_TASK ITEM:_ In the material below, print every line exactly and omit the pictures.

=======

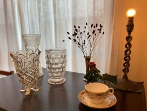 画像では小さなデスク(サイドテーブル)に合わせていますが、ダイニングテーブルやサイドボードの上、玄関などにも。
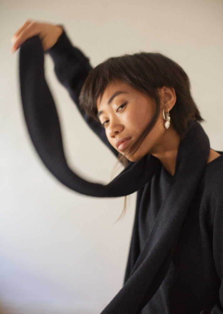- With its sophisticated double layer construction Onna gives warmth like a thick scarf, but is very light in weight. Besides it looks effortlessly elegant through its sleeve-like design.
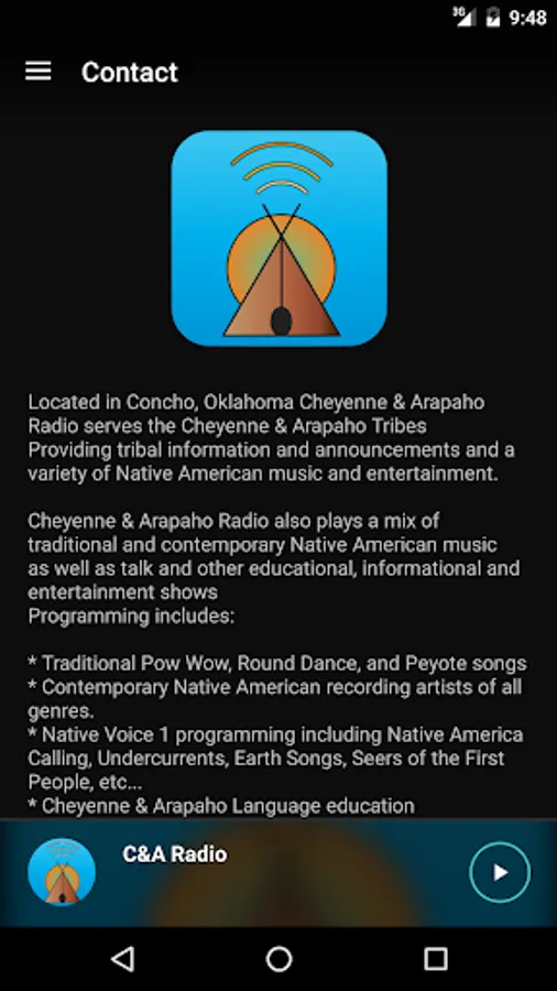 Cheyenne & Arapaho Radio also plays a mix of traditional and contemporary Native American music as well as talk and other educational, informational and entertainment shows
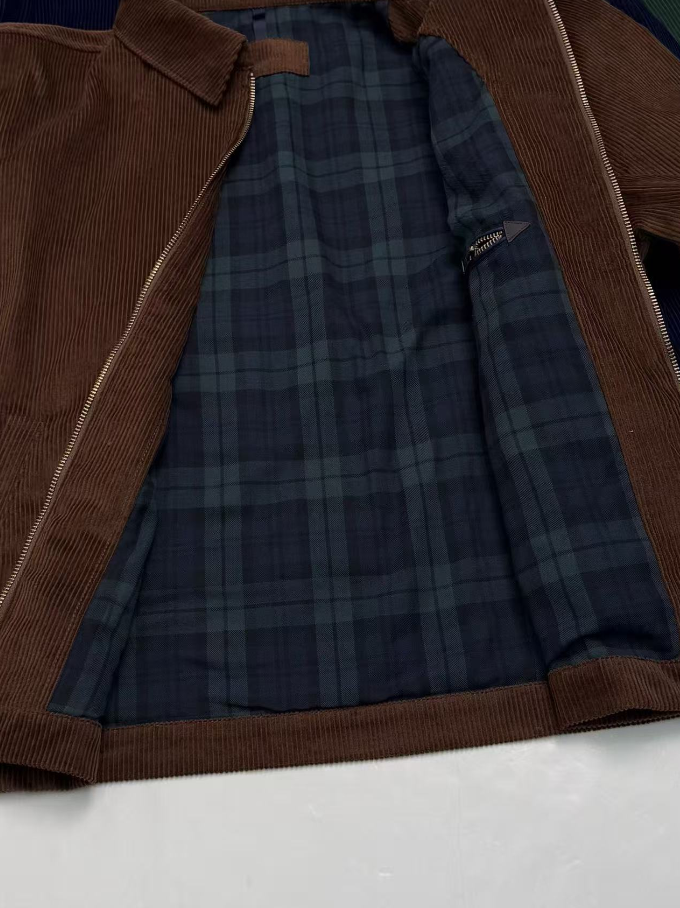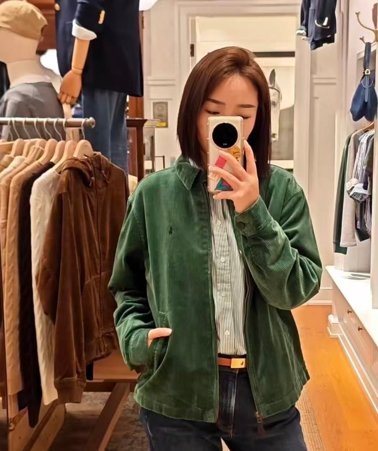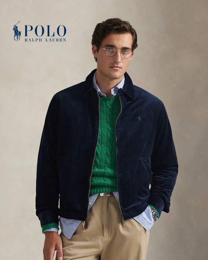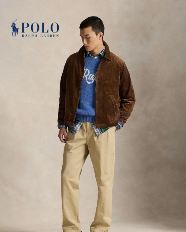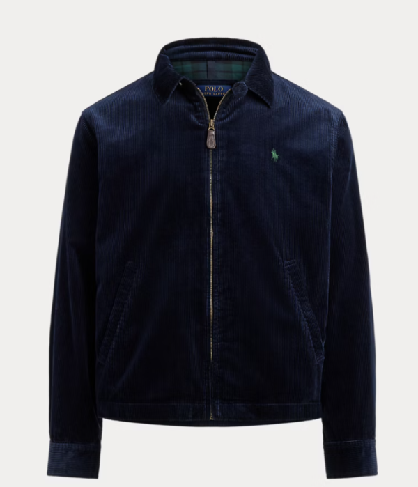 - 스트레이트 칼라, 버튼 스로트 래치, ‘Polo Ralph Lauren’ 로고가 새겨진 맞춤 개발된 버튼, 앞면의 전장 지퍼, 가죽 지퍼 풀
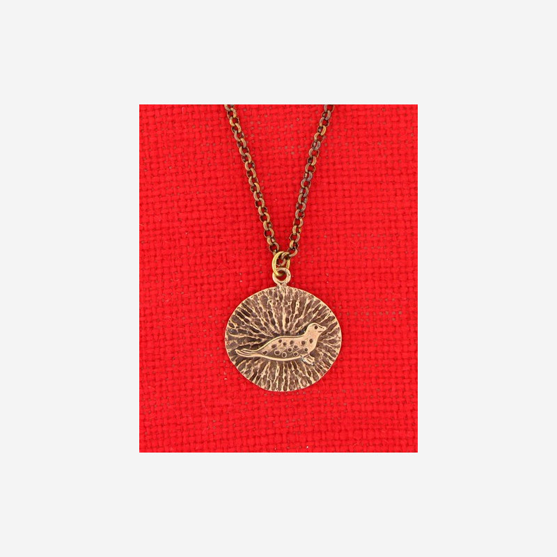 Alle Bronzeschmuckstücke sind durch einen Speziallack geschützt Schmuckserie mit arktischen Tieren. Der Hintergrund des Schmuckstückes ist der Abguss einer Wirbelscheibe eines Seehundes, den wir 1984 in Neu-Ålesund auf Spitzbergen gefunden haben. Die Anhänger Seehund und Schneehuhn können beiderseitig getragen werden.Alle Tiere, bis auf den Eisbären, kommen auch bei uns in Finnmark vor.
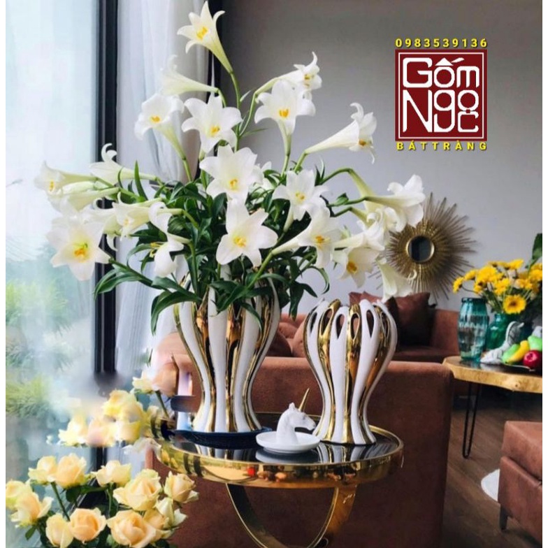Nhà cửa & Đời sống > Trang trí nhà cửa > Bình trang trí || LỌ HOA TAY PHẬT VẼ VÀNG 24k, BÌNH HOA TRANG TRÍ GỐM SỨ BÁT TRÀNGCòn hàng
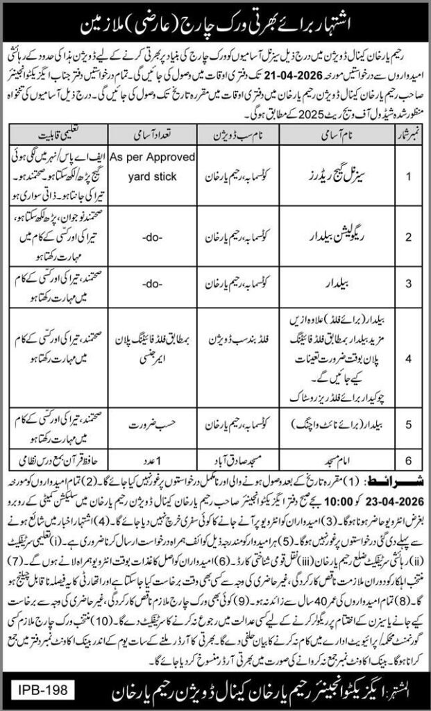 Rahim Yar Canal Division, Irrigation Department has announced job vacancies in Rahim Yar Khan and Sadiqabad, Punjab, Pakistan. These positions were advertised in the daily Express dated 17 April 2026 and are open to eligible candidates with Primary or Intermediate education.
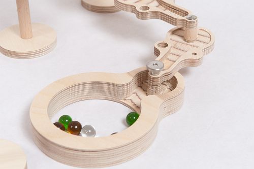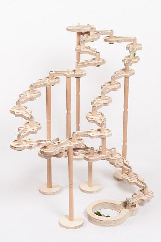Besonderheit des Kuko Ansatzes: Mit zunehmender Anzahl der Bahnteile steigen auch die Anforderungen an den Unterbau aus Stützen und Strebe. Aus dem Kugelbahnspielzeug wird dann ein Konstruktions- und Statikbaukasten, in dem es verstärkt darum geht, die bestmögliche Stabilität und Standfestigkeit zu erreichen.
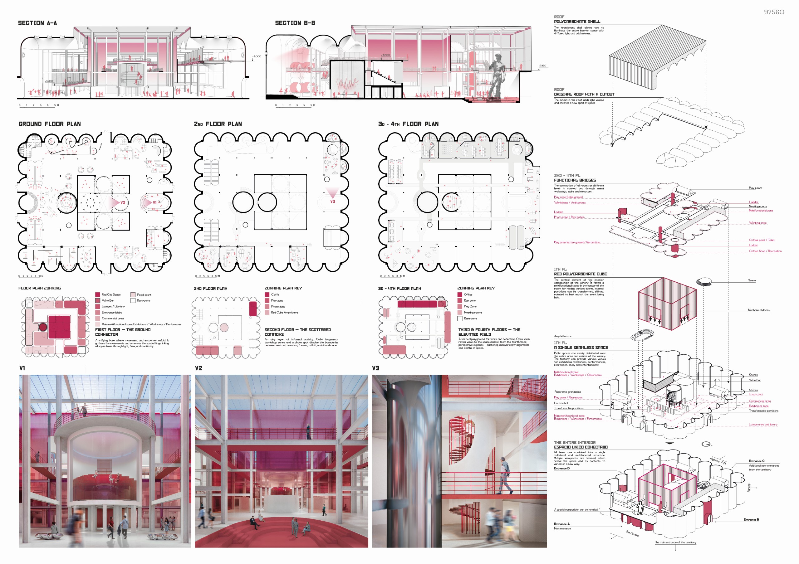Maintaining its industrial identity, the building is reinterpreted through permeable surfacesand open circulation. Sunlight filters into the interior, creating a fluid connection betweeninside and outside. The floor configuration, organized around a linear vertical circulation axiswith amphitheater-like elements, allows users to perceive the building’s monumental scaleand spatial rhythm throughout their movement.

=======

_RESULT OF THE EXERCISE:_
 画像では小さなデスク(サイドテーブル)に合わせていますが、ダイニングテーブルやサイドボードの上、玄関などにも。
- With its sophisticated double layer construction Onna gives warmth like a thick scarf, but is very light in weight. Besides it looks effortlessly elegant through its sleeve-like design.
 Cheyenne & Arapaho Radio also plays a mix of traditional and contemporary Native American music as well as talk and other educational, informational and entertainment shows
 - 스트레이트 칼라, 버튼 스로트 래치, ‘Polo Ralph Lauren’ 로고가 새겨진 맞춤 개발된 버튼, 앞면의 전장 지퍼, 가죽 지퍼 풀
 Alle Bronzeschmuckstücke sind durch einen Speziallack geschützt Schmuckserie mit arktischen Tieren. Der Hintergrund des Schmuckstückes ist der Abguss einer Wirbelscheibe eines Seehundes, den wir 1984 in Neu-Ålesund auf Spitzbergen gefunden haben. Die Anhänger Seehund und Schneehuhn können beiderseitig getragen werden.Alle Tiere, bis auf den Eisbären, kommen auch bei uns in Finnmark vor.
Nhà cửa & Đời sống > Trang trí nhà cửa > Bình trang trí || LỌ HOA TAY PHẬT VẼ VÀNG 24k, BÌNH HOA TRANG TRÍ GỐM SỨ BÁT TRÀNGCòn hàng
 Rahim Yar Canal Division, Irrigation Department has announced job vacancies in Rahim Yar Khan and Sadiqabad, Punjab, Pakistan. These positions were advertised in the daily Express dated 17 April 2026 and are open to eligible candidates with Primary or Intermediate education.
Besonderheit des Kuko Ansatzes: Mit zunehmender Anzahl der Bahnteile steigen auch die Anforderungen an den Unterbau aus Stützen und Strebe. Aus dem Kugelbahnspielzeug wird dann ein Konstruktions- und Statikbaukasten, in dem es verstärkt darum geht, die bestmögliche Stabilität und Standfestigkeit zu erreichen.
Maintaining its industrial identity, the building is reinterpreted through permeable surfacesand open circulation. Sunlight filters into the interior, creating a fluid connection betweeninside and outside. The floor configuration, organized around a linear vertical circulation axiswith amphitheater-like elements, allows users to perceive the building’s monumental scaleand spatial rhythm throughout their movement.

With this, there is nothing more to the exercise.